BEGIN INPUT MATERIAL

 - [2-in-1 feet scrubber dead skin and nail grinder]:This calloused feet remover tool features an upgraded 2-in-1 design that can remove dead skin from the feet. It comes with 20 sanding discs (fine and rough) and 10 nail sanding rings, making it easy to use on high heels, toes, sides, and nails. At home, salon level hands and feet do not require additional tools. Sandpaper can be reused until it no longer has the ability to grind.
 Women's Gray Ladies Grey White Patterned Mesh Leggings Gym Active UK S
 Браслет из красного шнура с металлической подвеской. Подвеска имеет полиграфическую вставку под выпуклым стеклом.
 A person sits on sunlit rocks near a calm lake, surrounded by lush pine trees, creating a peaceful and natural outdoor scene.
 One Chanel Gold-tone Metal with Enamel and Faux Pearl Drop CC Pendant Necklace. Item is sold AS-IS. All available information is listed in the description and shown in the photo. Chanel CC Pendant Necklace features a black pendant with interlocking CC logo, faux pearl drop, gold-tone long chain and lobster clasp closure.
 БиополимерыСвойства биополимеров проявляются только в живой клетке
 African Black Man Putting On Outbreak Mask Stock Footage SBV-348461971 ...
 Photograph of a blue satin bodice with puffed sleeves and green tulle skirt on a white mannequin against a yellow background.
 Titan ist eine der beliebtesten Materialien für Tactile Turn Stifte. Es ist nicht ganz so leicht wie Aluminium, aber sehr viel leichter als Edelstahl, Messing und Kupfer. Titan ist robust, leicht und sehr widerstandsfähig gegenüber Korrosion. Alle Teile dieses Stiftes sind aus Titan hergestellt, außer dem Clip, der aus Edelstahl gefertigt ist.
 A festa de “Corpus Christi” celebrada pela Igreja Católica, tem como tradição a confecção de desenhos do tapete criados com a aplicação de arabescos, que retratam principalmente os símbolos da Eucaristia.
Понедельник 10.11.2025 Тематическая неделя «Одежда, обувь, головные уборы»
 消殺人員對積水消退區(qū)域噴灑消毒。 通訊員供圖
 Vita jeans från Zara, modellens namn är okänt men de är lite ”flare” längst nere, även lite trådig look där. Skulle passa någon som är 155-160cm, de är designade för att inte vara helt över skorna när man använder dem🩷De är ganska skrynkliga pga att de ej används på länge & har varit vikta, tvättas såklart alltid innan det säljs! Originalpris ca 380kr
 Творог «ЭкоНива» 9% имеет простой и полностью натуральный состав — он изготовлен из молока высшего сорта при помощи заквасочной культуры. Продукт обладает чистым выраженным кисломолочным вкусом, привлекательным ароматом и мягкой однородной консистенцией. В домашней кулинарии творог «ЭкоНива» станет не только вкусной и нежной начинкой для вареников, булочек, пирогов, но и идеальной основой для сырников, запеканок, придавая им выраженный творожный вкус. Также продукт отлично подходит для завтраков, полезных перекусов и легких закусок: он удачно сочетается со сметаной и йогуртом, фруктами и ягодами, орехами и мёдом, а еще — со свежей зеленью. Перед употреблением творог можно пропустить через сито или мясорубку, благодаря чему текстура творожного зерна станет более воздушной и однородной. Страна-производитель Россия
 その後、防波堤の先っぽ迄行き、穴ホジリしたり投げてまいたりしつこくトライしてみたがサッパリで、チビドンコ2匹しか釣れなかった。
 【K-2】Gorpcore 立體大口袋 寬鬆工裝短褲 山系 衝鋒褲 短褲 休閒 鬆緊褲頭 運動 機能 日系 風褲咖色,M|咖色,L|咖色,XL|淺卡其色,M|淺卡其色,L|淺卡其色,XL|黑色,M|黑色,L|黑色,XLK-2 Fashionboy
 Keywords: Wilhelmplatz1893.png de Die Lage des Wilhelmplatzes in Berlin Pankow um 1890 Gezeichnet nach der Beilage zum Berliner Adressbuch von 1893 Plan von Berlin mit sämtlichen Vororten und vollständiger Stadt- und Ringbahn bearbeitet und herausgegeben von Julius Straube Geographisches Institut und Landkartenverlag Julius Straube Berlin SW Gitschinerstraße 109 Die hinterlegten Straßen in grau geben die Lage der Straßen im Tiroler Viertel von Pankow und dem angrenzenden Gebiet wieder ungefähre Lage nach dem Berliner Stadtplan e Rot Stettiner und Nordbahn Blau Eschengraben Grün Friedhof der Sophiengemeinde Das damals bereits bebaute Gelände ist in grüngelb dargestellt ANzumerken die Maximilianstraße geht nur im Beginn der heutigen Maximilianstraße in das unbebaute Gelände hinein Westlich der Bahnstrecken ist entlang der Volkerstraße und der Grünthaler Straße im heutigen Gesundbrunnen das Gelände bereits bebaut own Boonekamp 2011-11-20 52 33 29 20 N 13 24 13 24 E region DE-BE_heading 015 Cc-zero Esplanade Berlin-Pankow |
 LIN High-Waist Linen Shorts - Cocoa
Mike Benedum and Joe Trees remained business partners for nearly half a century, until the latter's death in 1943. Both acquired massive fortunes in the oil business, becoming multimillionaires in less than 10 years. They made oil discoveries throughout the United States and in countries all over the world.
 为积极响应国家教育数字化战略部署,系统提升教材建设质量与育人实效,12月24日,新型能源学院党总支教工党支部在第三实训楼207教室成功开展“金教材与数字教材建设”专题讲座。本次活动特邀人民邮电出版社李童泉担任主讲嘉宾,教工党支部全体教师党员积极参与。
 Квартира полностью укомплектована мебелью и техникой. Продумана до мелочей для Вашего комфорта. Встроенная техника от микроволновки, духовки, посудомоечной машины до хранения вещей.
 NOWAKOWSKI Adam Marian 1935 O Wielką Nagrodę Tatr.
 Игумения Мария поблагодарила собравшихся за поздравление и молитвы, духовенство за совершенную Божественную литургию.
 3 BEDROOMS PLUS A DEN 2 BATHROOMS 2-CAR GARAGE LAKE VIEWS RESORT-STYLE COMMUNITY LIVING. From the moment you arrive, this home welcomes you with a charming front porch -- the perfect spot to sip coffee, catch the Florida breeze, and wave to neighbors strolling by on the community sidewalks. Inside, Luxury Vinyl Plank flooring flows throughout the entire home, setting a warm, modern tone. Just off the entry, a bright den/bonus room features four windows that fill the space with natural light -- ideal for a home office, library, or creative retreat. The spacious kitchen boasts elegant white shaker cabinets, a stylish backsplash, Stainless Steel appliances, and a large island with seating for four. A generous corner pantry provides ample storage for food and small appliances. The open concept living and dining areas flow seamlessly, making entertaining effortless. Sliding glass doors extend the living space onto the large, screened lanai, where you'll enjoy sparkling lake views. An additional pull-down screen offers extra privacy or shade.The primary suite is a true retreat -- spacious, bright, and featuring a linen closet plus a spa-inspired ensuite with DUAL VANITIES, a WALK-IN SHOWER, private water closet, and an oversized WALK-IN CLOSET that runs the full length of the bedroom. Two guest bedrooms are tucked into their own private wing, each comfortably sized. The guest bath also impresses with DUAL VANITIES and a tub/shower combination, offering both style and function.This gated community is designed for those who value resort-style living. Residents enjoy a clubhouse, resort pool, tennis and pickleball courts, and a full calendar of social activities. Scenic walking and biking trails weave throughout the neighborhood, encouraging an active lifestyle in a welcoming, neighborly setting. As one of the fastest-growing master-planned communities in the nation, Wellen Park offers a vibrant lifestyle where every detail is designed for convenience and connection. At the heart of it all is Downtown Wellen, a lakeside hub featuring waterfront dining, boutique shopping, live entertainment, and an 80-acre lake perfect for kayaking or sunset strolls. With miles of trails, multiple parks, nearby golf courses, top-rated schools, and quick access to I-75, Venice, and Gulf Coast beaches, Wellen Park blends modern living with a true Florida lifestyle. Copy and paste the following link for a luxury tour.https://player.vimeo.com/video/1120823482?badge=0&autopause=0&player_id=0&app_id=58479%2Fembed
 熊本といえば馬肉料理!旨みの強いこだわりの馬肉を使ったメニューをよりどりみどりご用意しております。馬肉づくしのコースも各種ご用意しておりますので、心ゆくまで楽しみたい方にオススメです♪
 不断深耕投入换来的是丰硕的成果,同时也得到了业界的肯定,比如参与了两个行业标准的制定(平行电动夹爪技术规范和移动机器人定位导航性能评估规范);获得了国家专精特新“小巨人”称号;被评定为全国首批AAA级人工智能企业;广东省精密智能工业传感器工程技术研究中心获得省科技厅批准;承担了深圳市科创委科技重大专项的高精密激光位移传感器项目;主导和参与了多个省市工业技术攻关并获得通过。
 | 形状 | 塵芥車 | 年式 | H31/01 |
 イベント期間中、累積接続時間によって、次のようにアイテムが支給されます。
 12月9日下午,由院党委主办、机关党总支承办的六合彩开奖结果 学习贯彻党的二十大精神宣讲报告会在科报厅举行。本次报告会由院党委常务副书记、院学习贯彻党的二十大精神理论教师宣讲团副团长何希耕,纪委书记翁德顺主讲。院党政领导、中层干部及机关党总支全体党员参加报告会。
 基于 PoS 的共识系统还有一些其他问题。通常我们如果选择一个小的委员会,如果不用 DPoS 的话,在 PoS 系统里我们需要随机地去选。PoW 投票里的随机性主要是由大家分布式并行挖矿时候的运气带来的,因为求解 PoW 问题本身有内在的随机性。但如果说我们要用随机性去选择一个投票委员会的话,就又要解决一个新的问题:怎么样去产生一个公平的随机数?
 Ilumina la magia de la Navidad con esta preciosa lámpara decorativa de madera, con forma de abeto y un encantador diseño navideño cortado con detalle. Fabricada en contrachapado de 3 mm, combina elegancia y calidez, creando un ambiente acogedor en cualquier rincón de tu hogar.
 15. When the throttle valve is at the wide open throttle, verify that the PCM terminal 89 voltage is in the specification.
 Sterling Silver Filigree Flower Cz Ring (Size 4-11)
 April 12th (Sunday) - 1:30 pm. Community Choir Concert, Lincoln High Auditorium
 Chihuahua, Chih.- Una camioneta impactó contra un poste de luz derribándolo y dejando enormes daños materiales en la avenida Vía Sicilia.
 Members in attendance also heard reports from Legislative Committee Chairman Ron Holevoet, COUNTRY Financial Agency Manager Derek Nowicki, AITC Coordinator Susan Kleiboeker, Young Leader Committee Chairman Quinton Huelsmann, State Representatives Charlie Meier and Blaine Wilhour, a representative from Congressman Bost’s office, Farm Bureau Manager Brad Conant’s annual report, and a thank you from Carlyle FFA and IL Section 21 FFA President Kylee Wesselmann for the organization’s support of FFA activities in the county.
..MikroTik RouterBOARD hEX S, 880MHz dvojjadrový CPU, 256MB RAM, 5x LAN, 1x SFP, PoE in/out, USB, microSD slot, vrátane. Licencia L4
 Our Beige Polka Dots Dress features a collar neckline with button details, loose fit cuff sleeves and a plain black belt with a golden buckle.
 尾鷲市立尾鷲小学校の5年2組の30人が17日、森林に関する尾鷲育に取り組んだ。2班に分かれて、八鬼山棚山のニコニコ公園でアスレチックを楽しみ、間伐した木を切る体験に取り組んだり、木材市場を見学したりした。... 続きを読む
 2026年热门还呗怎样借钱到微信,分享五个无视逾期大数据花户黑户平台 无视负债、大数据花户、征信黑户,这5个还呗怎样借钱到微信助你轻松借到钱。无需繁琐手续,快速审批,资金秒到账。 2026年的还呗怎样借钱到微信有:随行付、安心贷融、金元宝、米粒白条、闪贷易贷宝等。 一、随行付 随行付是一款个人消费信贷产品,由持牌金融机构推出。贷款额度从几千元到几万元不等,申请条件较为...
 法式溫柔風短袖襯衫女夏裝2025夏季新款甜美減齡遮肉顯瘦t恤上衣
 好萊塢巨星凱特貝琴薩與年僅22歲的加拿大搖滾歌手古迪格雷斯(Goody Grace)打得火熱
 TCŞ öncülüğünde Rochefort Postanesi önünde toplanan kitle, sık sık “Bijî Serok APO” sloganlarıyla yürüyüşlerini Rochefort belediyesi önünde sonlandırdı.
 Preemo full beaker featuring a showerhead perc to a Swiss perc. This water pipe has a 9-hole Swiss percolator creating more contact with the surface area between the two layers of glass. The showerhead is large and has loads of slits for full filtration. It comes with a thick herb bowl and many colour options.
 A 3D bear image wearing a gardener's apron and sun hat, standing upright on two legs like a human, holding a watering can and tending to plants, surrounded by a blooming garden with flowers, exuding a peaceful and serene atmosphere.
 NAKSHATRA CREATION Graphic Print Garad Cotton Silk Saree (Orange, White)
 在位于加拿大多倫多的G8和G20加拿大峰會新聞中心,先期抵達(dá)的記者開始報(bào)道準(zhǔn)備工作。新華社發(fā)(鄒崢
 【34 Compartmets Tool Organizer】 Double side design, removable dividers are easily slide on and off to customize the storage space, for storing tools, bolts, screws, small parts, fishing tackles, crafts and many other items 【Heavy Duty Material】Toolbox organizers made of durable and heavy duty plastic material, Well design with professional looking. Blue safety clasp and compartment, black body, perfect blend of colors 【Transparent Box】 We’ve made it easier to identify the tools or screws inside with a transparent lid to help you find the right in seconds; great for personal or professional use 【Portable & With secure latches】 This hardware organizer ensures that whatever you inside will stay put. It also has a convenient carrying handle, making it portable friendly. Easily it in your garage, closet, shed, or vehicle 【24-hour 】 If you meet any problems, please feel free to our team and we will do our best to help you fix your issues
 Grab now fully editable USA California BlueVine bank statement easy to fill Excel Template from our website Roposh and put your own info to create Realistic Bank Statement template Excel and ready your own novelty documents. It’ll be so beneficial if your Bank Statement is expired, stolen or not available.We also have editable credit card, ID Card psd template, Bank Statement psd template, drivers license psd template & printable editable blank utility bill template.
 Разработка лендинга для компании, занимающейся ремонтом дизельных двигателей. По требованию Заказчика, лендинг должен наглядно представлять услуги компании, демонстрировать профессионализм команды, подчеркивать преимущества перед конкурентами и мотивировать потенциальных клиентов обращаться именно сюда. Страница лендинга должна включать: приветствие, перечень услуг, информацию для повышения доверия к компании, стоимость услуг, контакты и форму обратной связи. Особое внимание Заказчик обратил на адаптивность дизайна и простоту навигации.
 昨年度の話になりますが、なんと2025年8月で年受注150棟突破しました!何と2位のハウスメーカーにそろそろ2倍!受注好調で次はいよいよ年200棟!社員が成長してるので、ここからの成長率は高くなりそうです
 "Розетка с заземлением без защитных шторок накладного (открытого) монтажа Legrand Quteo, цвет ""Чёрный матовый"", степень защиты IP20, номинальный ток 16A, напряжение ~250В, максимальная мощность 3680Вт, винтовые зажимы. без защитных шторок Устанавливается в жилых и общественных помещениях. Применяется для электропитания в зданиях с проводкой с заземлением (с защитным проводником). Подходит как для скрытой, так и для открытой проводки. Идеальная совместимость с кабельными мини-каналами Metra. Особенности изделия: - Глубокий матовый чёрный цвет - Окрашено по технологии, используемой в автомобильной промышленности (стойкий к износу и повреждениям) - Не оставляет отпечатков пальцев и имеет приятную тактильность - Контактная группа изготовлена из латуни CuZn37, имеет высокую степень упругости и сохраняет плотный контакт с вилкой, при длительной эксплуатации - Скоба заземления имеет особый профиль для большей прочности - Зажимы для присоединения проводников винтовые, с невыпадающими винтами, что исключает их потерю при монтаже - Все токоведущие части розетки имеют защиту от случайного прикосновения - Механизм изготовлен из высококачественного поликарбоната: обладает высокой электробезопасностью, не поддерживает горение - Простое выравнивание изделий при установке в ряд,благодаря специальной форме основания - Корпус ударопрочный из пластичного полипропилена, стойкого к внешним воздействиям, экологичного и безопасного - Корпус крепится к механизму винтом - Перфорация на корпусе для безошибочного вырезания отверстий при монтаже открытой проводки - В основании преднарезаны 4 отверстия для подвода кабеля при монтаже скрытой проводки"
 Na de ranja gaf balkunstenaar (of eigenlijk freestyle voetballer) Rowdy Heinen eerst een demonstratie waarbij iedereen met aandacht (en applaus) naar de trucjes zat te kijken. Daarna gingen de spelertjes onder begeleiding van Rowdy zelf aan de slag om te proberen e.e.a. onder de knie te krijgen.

END INPUT MATERIAL

◆ **EXERCISE**:
Return the lines of the listing where the string "until" appears.

◆ **TASK RESPONSE**:
 - [2-in-1 feet scrubber dead skin and nail grinder]:This calloused feet remover tool features an upgraded 2-in-1 design that can remove dead skin from the feet. It comes with 20 sanding discs (fine and rough) and 10 nail sanding rings, making it easy to use on high heels, toes, sides, and nails. At home, salon level hands and feet do not require additional tools. Sandpaper can be reused until it no longer has the ability to grind.
Mike Benedum and Joe Trees remained business partners for nearly half a century, until the latter's death in 1943. Both acquired massive fortunes in the oil business, becoming multimillionaires in less than 10 years. They made oil discoveries throughout the United States and in countries all over the world.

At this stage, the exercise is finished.